What the exercise asks: Return, exactly and with nothing added, the line with "Dionis Goat Milk" together with all lines after it through the end of the data below. No pictures belong in the copy.

*** Entries supplied Section Begins ***

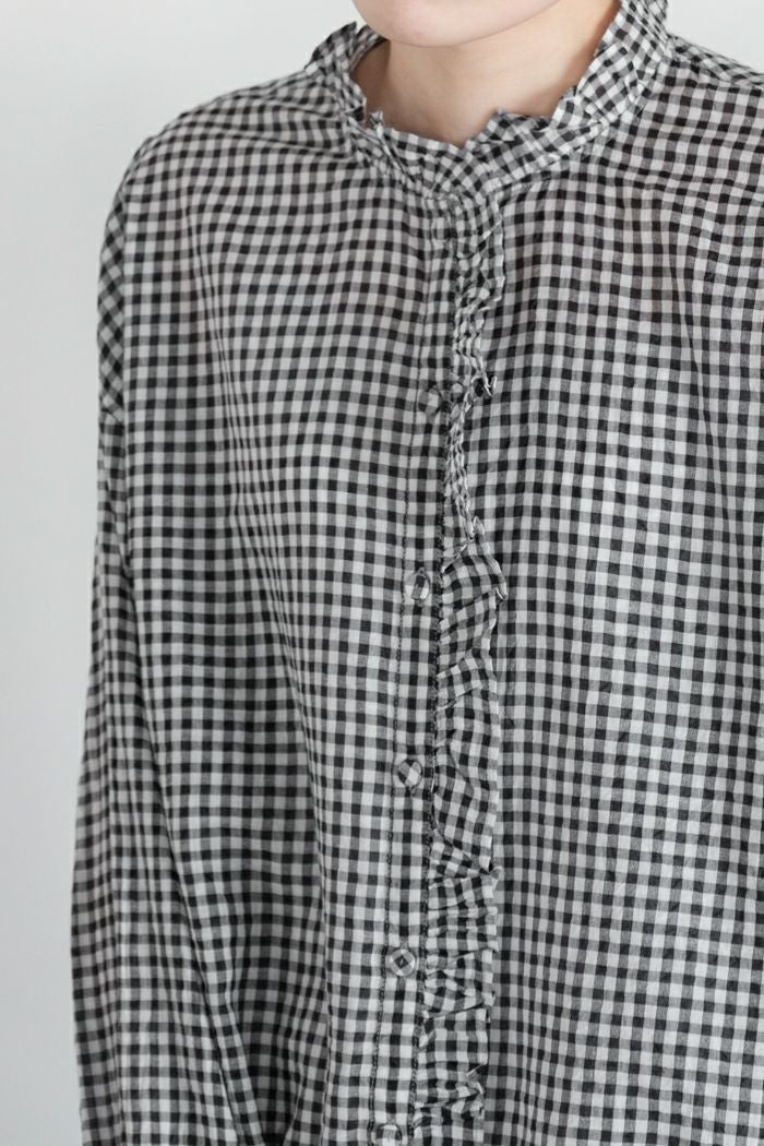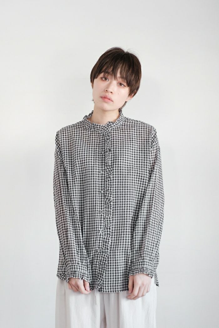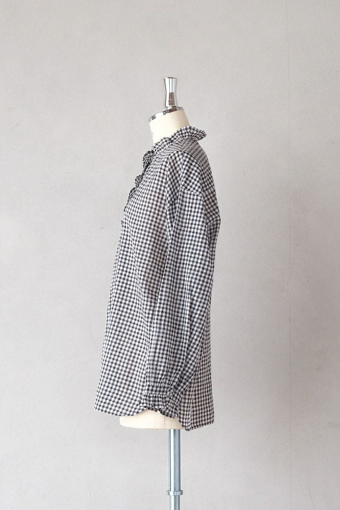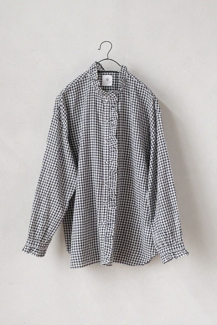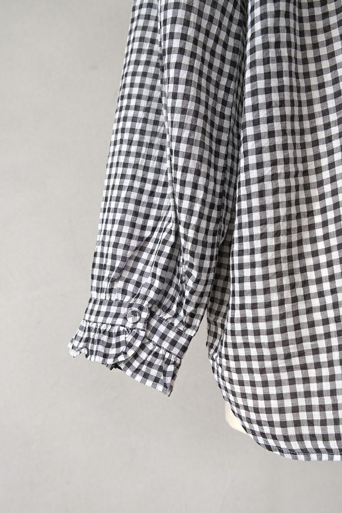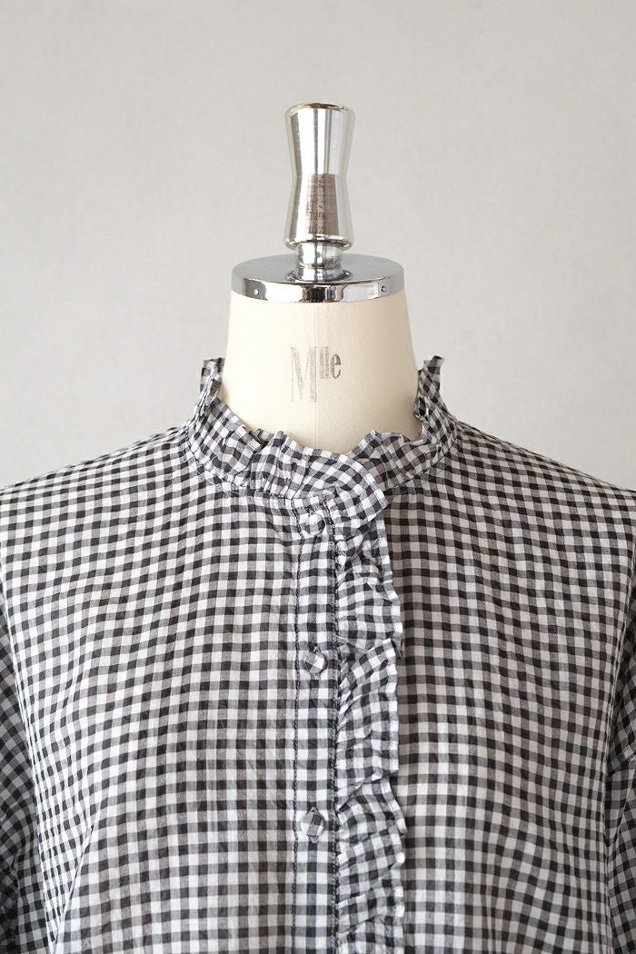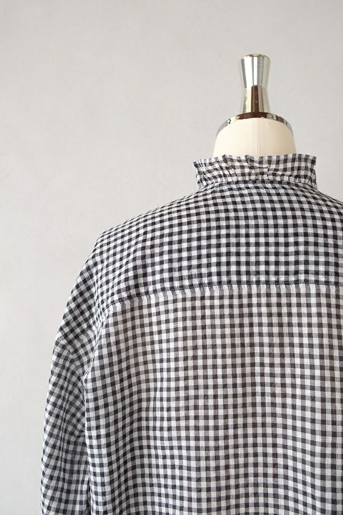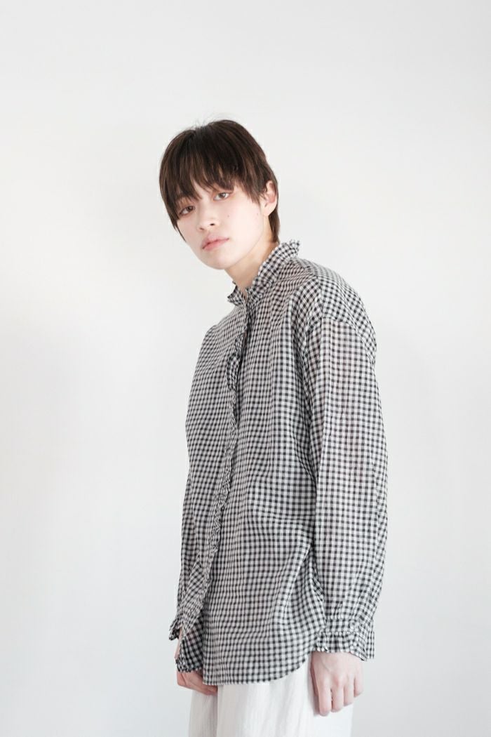 他の画像を見る maison de soil メゾン ド ソイルHANDWOVEN COTTON/SILK GINGHAM CHECK FRILL COLLAR SHIRT(25SS) ¥ 28,600 税込 SOLD OUT 再入荷お知らせ お気に入りに登録する
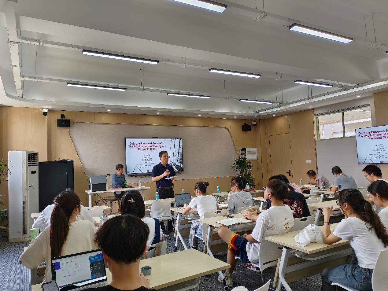 戴维奇教授、倪文斌教授、邓浩然博士等老师以及张晓萍等研究生就“企业家黑暗面与偏执的相关与差异”“本研究对于实践的指导意义”“企业生存的代理变量是否可以进一步完善”“如何避免问卷调查过程高管自我美化的问题”“疫情对于研究的影响”“如何形成论文选题” 等问题展开探讨。Stephen Zhang详细解释了论文中涉及的概念与操作化、理论机制和统计方法,并与老师学生们交流了研究经验和未来研究想法。
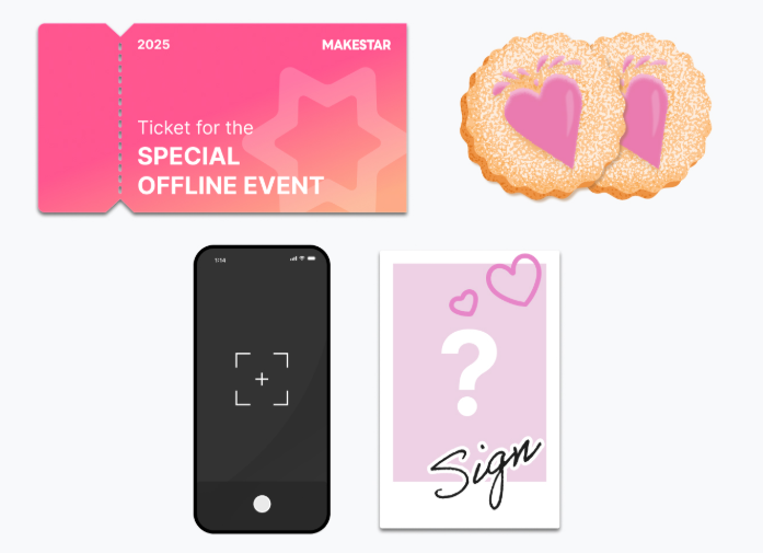 当選者特典→応募メンバーとデコったクッキー、応募メンバーと2ショットセルカ撮影、落書きサインポラロイド1枚(応募メンバー)
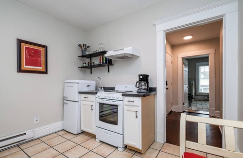 Located in the charming town of Three Oaks, we welcome you to Radio Hall. This two-bedroom, one bathroom second floor unit is a short walk to downtown Three Oaks and a ten-minute drive to the beach. One of three units in this spacious property and can be rented in conjunction with the other two to sleep 12 total.
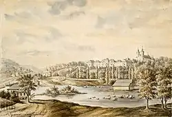 - Widok Tywrowa z pałacem Jaroszyńskich na rysunku Napoleona Ordy
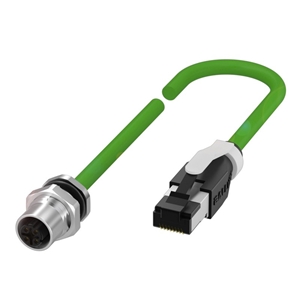 Câble PROFINET préconfectionné, type B, CAT5e, blindé, quarte en étoile, AWG 22, souple (7 fils), RAL 6018 (jaune/vert), traversée de paroi M12, femelle, 4 pôles, détrompage D, sur connecteur mâle RJ45 , longueur : 1 m
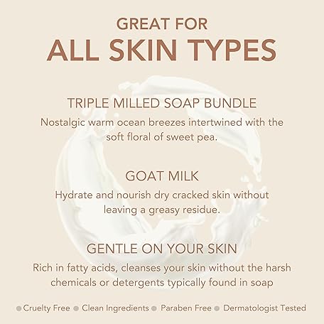 Dionis Goat Milk Sea Treasures Scented Hand and Body Soap Bar, Hydrating Moisturizing Wash for Sensitive Skin, Gentle Lasting Hydration, Cruelty Free, Non Greasy, Paraben Free, Made in the USA, 6 oz
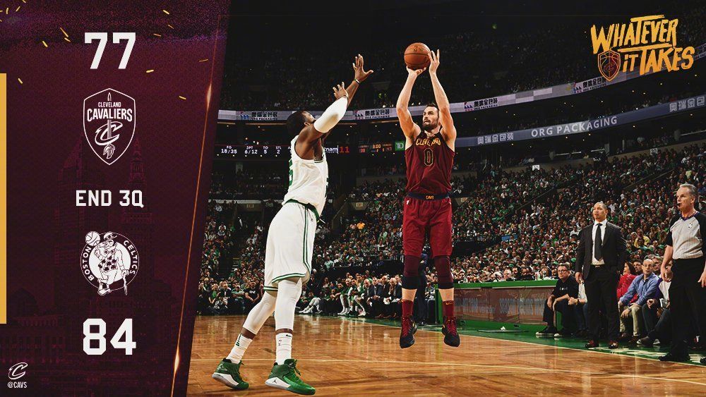 第三节詹姆斯汤普森乐福相继得分,骑士一波6-4开局,但凯尔特人连得4分不得不让骑士叫暂停调整。凯尔特人追身三分,詹姆斯直接横移还一个让骑士稳住5分的领先优势。凯尔特人再次追分,本节还有6分钟时双方战成66平。这时乐福接詹姆斯传球快速三分,绿军也打成2+1再次追平。
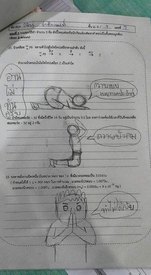 เป็นภาพสุดฮาของเด็กนักเรียนชั้นมัธยมศึกษาปีที่ 6 รายหนึ่ง ที่เจอโจทย์ข้อสอบวิชา ฟิสิกส์ จากครูผู้สอน แต่ดันอ่านหนังสือไม่ทัน ก่อนที่เจ้าตัวจะลงมือวาดรูป พร้อมเขียนข้อความฝากถึงอาจารย์ผู้สอนจนเกิดเป็นความฮาจากชาวเน็ตเป็นอย่างมาก
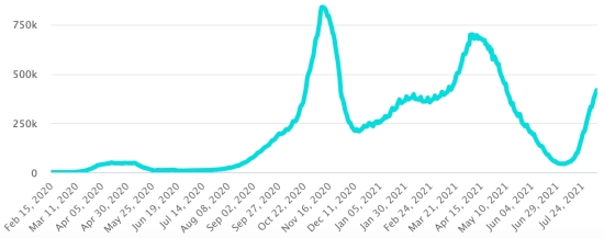 Vaccination: 350.63 million doses of vaccine injected since December 14, 2020, date of the first injection in the United States (840,000 doses injected, in 24 hours). Update August 7, latest data available). DOMINICAN REPUBLIC: Cases confirmed since March 1, 2020: 344,151 cases (+322 in 24 hours) the day before (+317). First case (March 1, 2020) https://www.haitilibre.com/en/news-30165-haiti-flash-first-case-of-covid-19-in-the-dominican-republic.html Healings: 326,501 healings since March 1 (+628 in 24 hours), the day before (+696) National Healing Rate: 94.87% (+) Death: 3,974 deaths (+1 in 24 hours), the day before (+0) Mortality rate: 1.15% (=) Active cases: (excluding death and recovery) 13,676 cases (-307 in 24 hours) the day before (-379) Dominican Republic: Trend of active cases: (less healings and deaths)
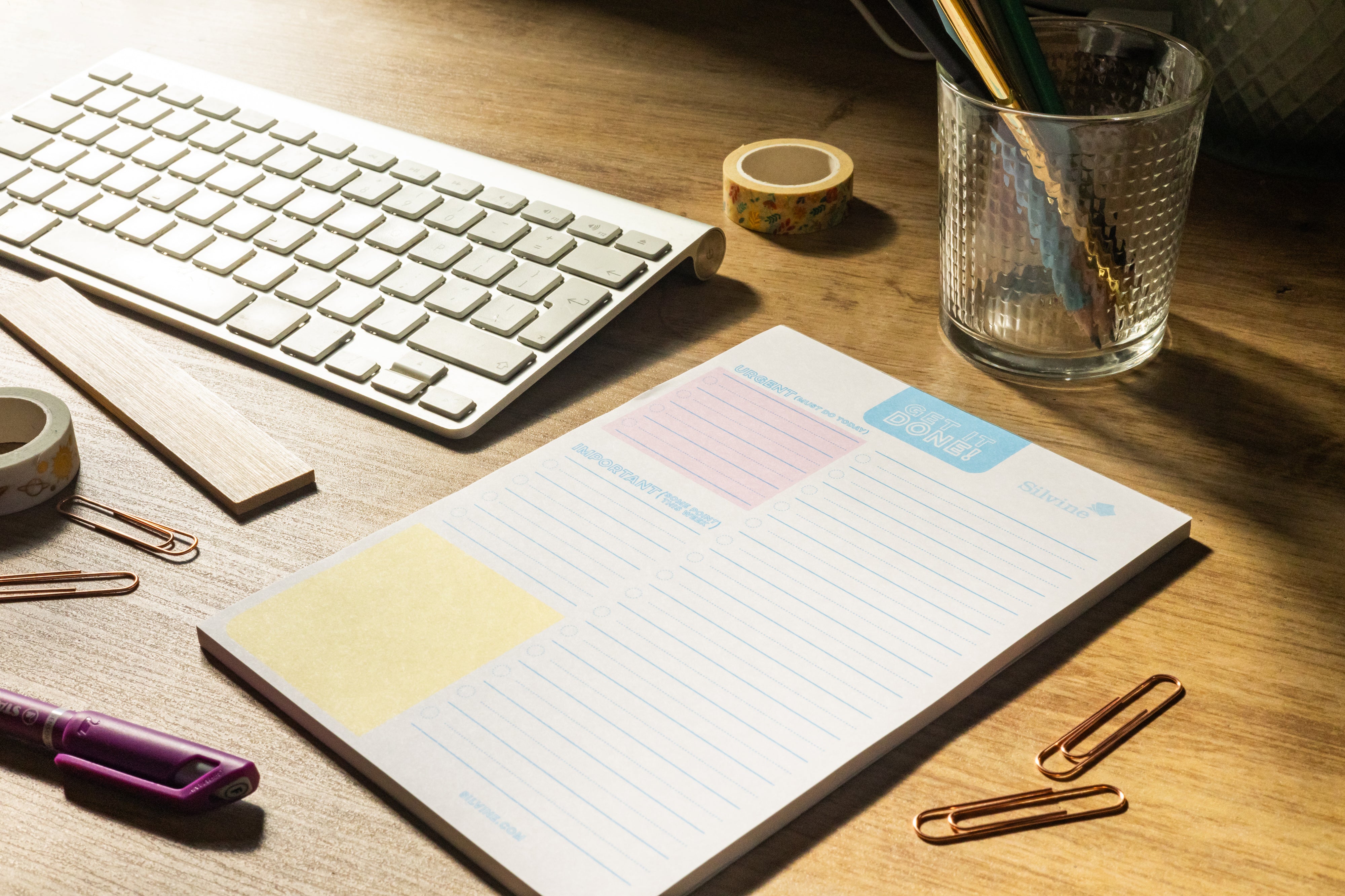 Productivity perfection - The A5 pad fits on any home or office desk and is ideal for scheduling all tasks - Big or small. Get it done! This design combines structure and flexibility rolled into one.

*** Entries supplied Section Ends ***

Solution:
 Dionis Goat Milk Sea Treasures Scented Hand and Body Soap Bar, Hydrating Moisturizing Wash for Sensitive Skin, Gentle Lasting Hydration, Cruelty Free, Non Greasy, Paraben Free, Made in the USA, 6 oz
 第三节詹姆斯汤普森乐福相继得分,骑士一波6-4开局,但凯尔特人连得4分不得不让骑士叫暂停调整。凯尔特人追身三分,詹姆斯直接横移还一个让骑士稳住5分的领先优势。凯尔特人再次追分,本节还有6分钟时双方战成66平。这时乐福接詹姆斯传球快速三分,绿军也打成2+1再次追平。
 เป็นภาพสุดฮาของเด็กนักเรียนชั้นมัธยมศึกษาปีที่ 6 รายหนึ่ง ที่เจอโจทย์ข้อสอบวิชา ฟิสิกส์ จากครูผู้สอน แต่ดันอ่านหนังสือไม่ทัน ก่อนที่เจ้าตัวจะลงมือวาดรูป พร้อมเขียนข้อความฝากถึงอาจารย์ผู้สอนจนเกิดเป็นความฮาจากชาวเน็ตเป็นอย่างมาก
 Vaccination: 350.63 million doses of vaccine injected since December 14, 2020, date of the first injection in the United States (840,000 doses injected, in 24 hours). Update August 7, latest data available). DOMINICAN REPUBLIC: Cases confirmed since March 1, 2020: 344,151 cases (+322 in 24 hours) the day before (+317). First case (March 1, 2020) https://www.haitilibre.com/en/news-30165-haiti-flash-first-case-of-covid-19-in-the-dominican-republic.html Healings: 326,501 healings since March 1 (+628 in 24 hours), the day before (+696) National Healing Rate: 94.87% (+) Death: 3,974 deaths (+1 in 24 hours), the day before (+0) Mortality rate: 1.15% (=) Active cases: (excluding death and recovery) 13,676 cases (-307 in 24 hours) the day before (-379) Dominican Republic: Trend of active cases: (less healings and deaths)
 Productivity perfection - The A5 pad fits on any home or office desk and is ideal for scheduling all tasks - Big or small. Get it done! This design combines structure and flexibility rolled into one.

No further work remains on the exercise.